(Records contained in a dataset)
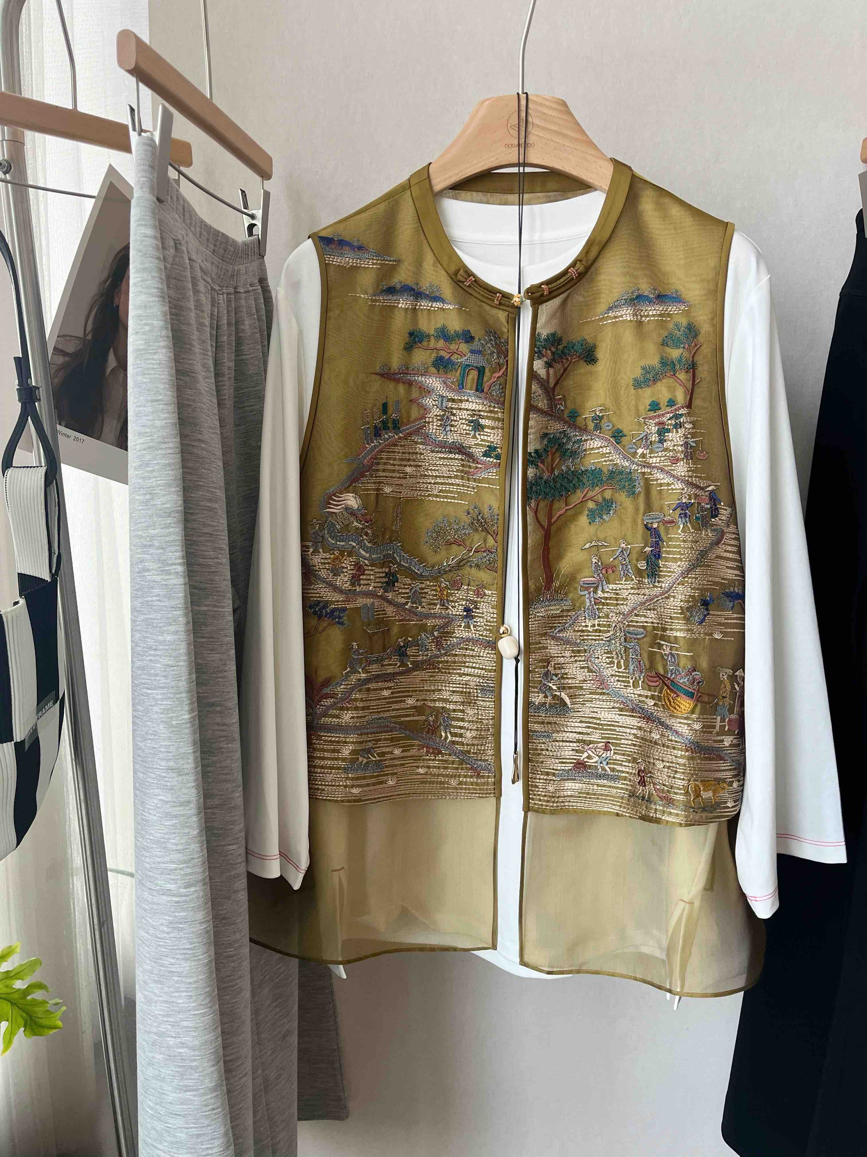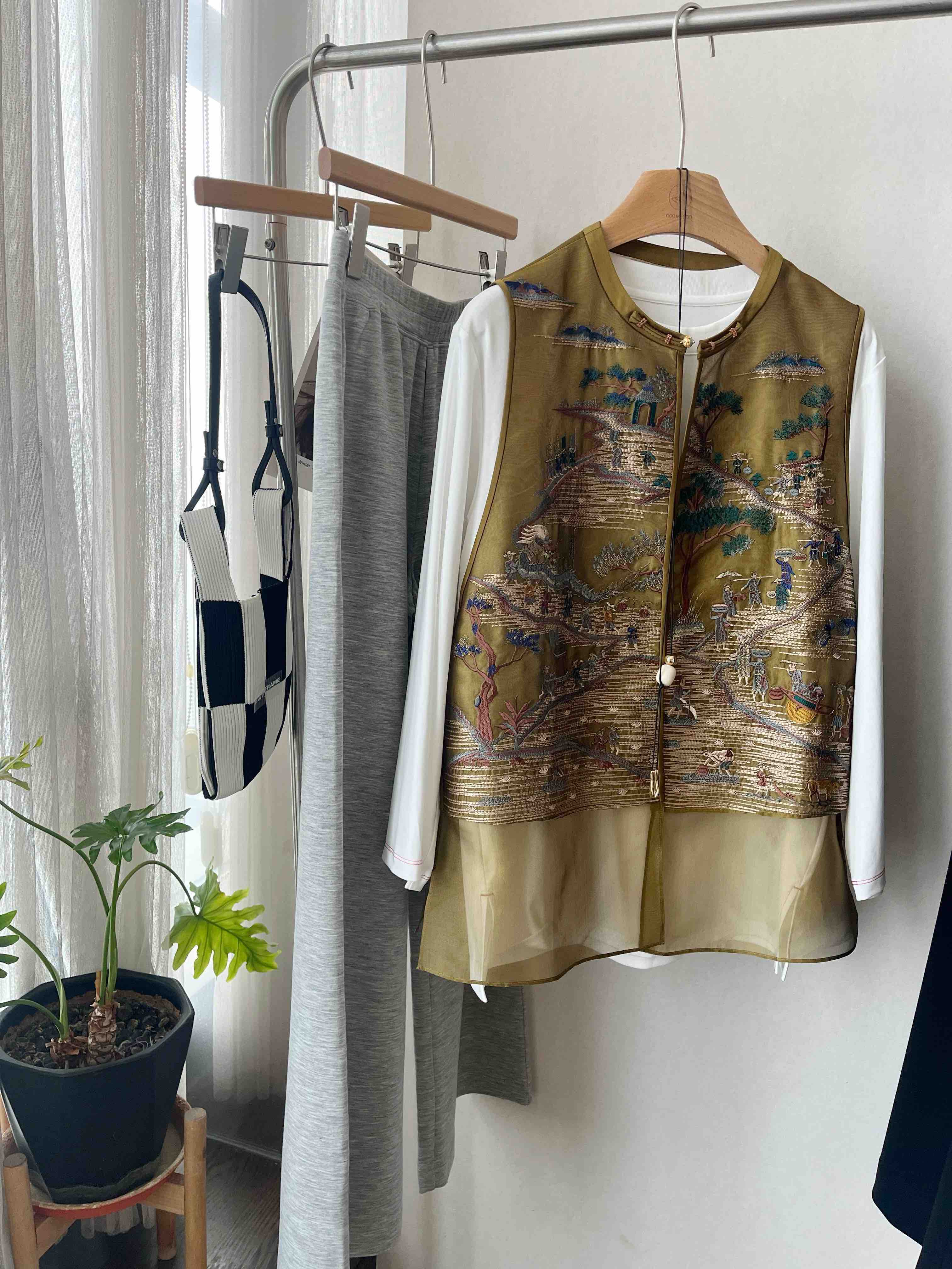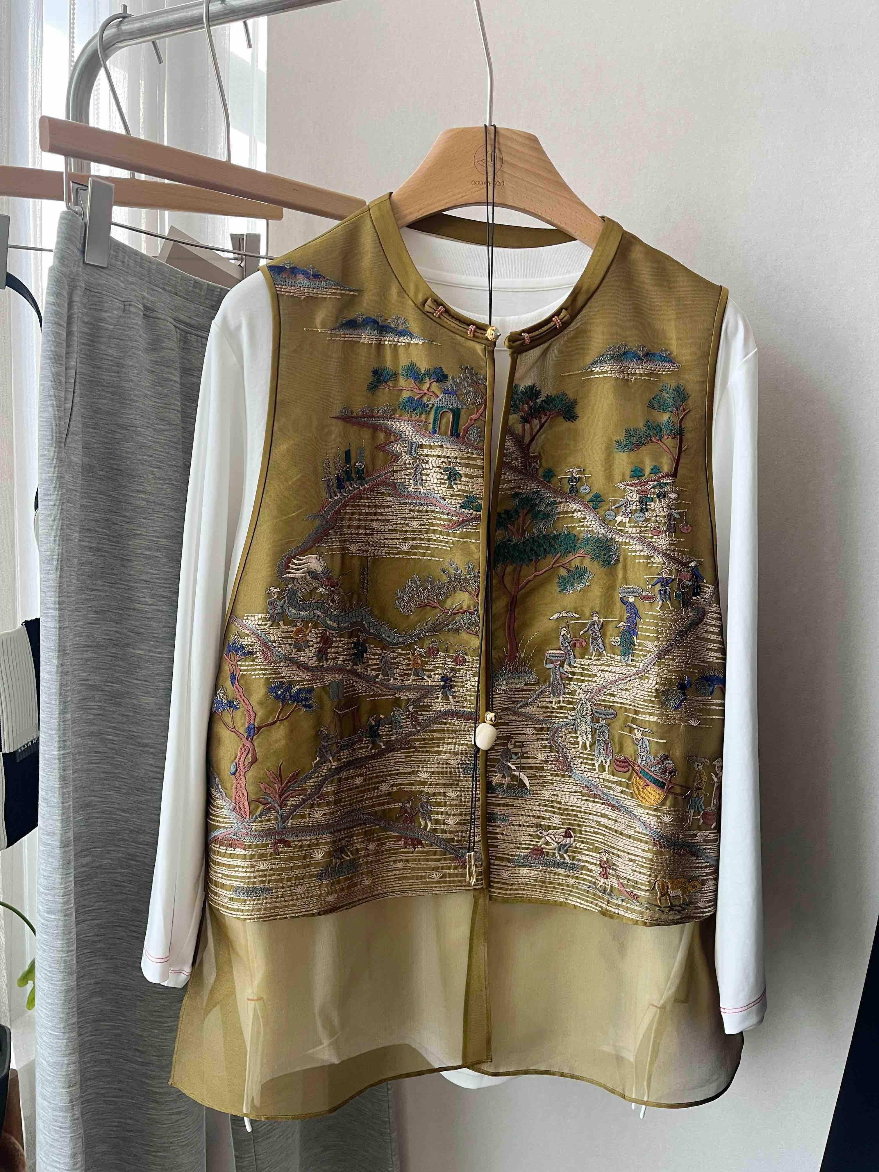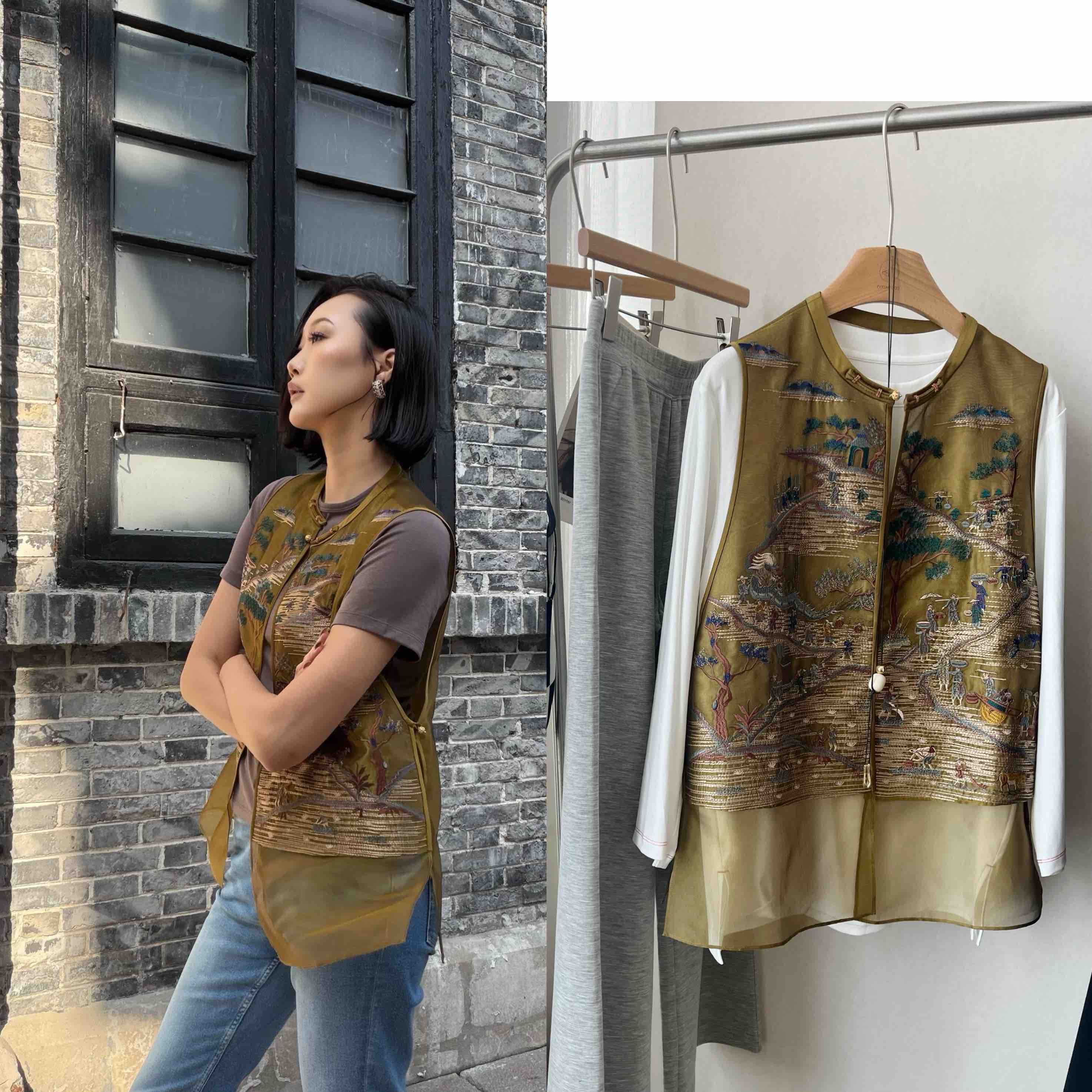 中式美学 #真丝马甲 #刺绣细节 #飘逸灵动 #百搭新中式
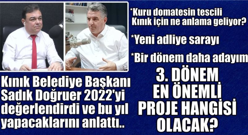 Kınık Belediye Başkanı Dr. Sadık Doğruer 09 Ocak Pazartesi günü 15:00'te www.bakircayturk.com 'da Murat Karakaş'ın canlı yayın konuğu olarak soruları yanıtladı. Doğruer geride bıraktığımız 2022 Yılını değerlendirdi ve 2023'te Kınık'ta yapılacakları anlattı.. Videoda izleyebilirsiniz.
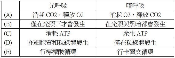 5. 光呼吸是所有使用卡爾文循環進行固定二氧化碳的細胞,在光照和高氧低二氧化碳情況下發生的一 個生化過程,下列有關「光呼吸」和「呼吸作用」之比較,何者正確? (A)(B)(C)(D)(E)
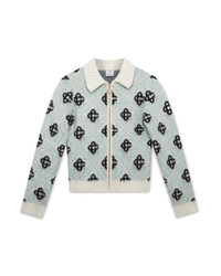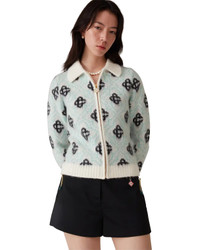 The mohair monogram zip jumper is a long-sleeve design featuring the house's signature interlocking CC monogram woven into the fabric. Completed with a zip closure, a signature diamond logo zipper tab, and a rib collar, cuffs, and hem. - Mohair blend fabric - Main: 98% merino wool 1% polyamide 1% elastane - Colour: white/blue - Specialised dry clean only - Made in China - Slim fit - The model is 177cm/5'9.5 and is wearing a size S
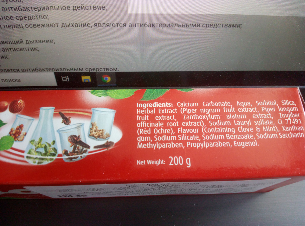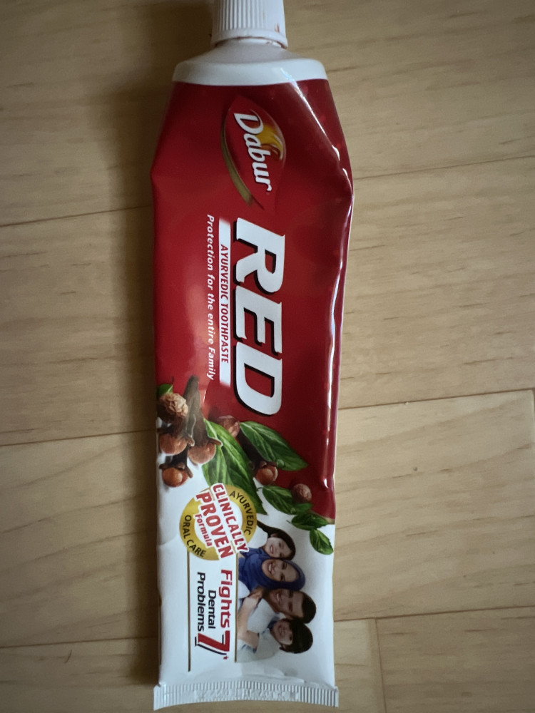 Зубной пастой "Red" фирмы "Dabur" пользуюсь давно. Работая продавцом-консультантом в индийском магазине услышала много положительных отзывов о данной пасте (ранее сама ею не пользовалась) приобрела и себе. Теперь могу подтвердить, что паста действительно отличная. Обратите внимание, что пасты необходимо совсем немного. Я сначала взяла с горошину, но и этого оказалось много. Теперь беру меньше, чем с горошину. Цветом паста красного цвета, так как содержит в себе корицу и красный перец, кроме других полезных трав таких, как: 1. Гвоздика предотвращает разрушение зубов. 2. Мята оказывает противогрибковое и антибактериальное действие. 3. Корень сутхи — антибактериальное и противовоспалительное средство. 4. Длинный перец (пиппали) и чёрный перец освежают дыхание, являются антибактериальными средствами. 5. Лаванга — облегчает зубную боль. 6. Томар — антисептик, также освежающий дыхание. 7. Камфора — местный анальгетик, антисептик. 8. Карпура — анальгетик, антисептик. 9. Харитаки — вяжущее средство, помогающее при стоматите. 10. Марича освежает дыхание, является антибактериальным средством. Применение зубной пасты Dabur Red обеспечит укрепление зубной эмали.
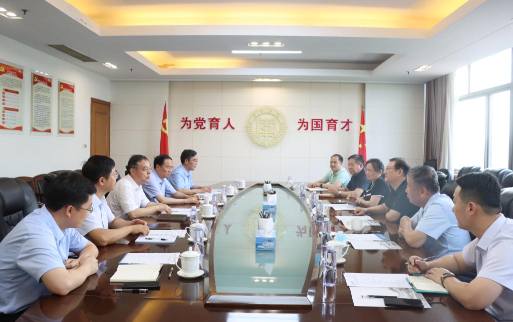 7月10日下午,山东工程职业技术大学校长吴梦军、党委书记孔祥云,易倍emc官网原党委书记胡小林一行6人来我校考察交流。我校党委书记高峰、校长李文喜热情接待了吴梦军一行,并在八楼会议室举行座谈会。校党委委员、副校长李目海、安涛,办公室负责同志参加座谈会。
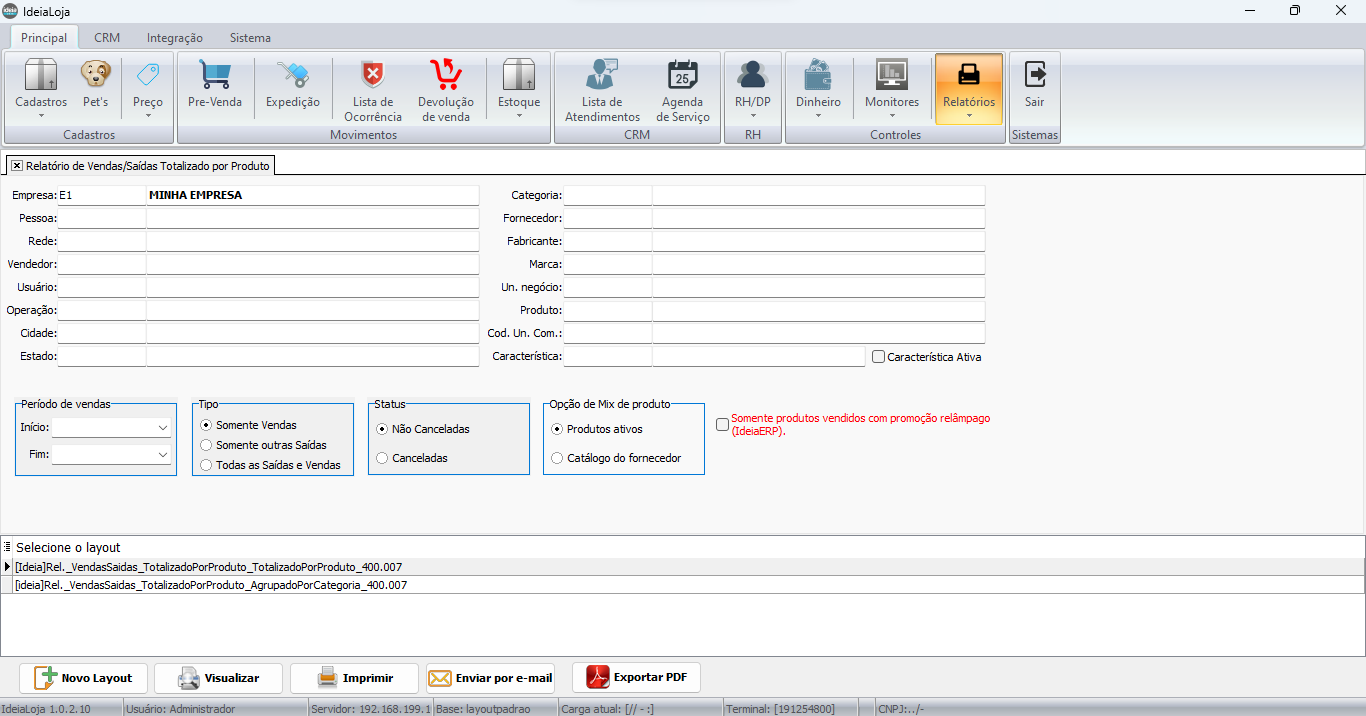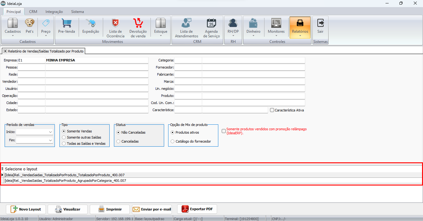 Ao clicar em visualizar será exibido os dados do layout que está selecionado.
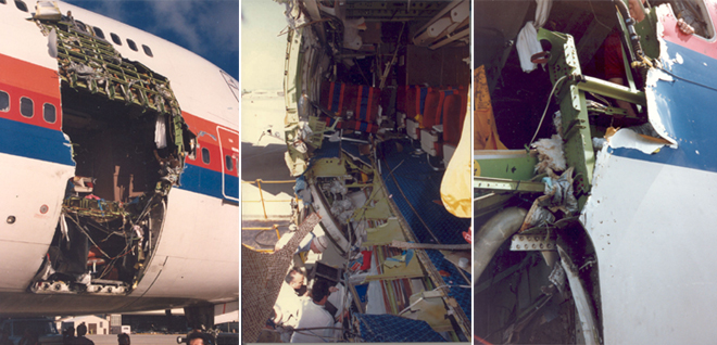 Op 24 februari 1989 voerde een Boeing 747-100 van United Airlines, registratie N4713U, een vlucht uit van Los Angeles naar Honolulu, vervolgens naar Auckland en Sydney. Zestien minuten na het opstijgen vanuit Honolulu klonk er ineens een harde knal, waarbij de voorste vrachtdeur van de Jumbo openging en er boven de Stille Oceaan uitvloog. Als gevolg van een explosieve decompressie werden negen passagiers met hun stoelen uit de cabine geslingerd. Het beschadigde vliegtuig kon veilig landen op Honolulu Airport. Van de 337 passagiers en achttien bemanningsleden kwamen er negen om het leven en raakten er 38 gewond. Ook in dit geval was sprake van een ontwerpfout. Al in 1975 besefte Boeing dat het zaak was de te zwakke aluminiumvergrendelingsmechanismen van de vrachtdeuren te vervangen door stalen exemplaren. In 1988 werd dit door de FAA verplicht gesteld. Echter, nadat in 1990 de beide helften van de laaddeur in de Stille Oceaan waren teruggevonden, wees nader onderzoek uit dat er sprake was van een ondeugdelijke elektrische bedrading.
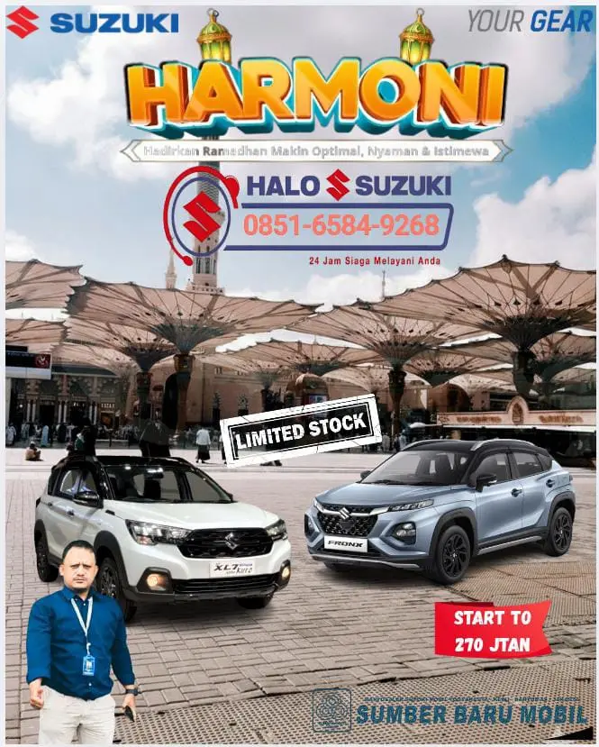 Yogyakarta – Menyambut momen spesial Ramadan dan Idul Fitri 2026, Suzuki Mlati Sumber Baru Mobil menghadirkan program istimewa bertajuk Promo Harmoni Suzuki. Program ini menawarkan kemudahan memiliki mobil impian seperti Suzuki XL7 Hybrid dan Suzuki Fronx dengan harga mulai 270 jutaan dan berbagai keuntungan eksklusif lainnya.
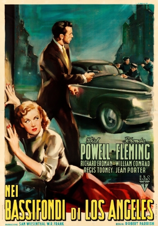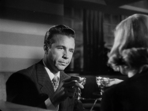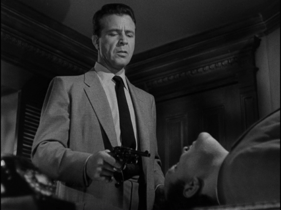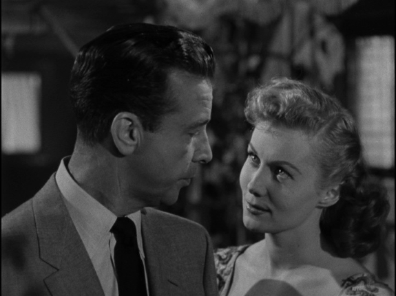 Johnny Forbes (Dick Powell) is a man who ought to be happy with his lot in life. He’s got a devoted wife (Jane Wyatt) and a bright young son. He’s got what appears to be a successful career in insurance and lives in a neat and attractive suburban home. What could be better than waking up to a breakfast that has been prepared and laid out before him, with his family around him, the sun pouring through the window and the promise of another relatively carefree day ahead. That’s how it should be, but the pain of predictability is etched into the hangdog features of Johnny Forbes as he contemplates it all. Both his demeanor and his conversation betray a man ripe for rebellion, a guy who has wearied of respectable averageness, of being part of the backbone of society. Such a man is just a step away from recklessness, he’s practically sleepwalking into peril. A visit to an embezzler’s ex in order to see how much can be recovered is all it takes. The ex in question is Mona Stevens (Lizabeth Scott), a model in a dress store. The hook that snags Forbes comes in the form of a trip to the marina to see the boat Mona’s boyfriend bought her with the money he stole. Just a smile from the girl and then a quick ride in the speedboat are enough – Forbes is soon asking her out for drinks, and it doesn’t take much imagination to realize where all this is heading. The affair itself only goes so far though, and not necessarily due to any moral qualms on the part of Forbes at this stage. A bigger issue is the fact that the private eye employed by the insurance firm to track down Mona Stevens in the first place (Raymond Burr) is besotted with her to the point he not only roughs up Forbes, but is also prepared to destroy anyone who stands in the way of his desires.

## Task item
What are the lines in the records above, word for word, from the one containing "7月10日下午,山东工程职业" through the one containing "Ao clicar em", both ends included and pictures left out?

## Finished task
 7月10日下午,山东工程职业技术大学校长吴梦军、党委书记孔祥云,易倍emc官网原党委书记胡小林一行6人来我校考察交流。我校党委书记高峰、校长李文喜热情接待了吴梦军一行,并在八楼会议室举行座谈会。校党委委员、副校长李目海、安涛,办公室负责同志参加座谈会。
 Ao clicar em visualizar será exibido os dados do layout que está selecionado.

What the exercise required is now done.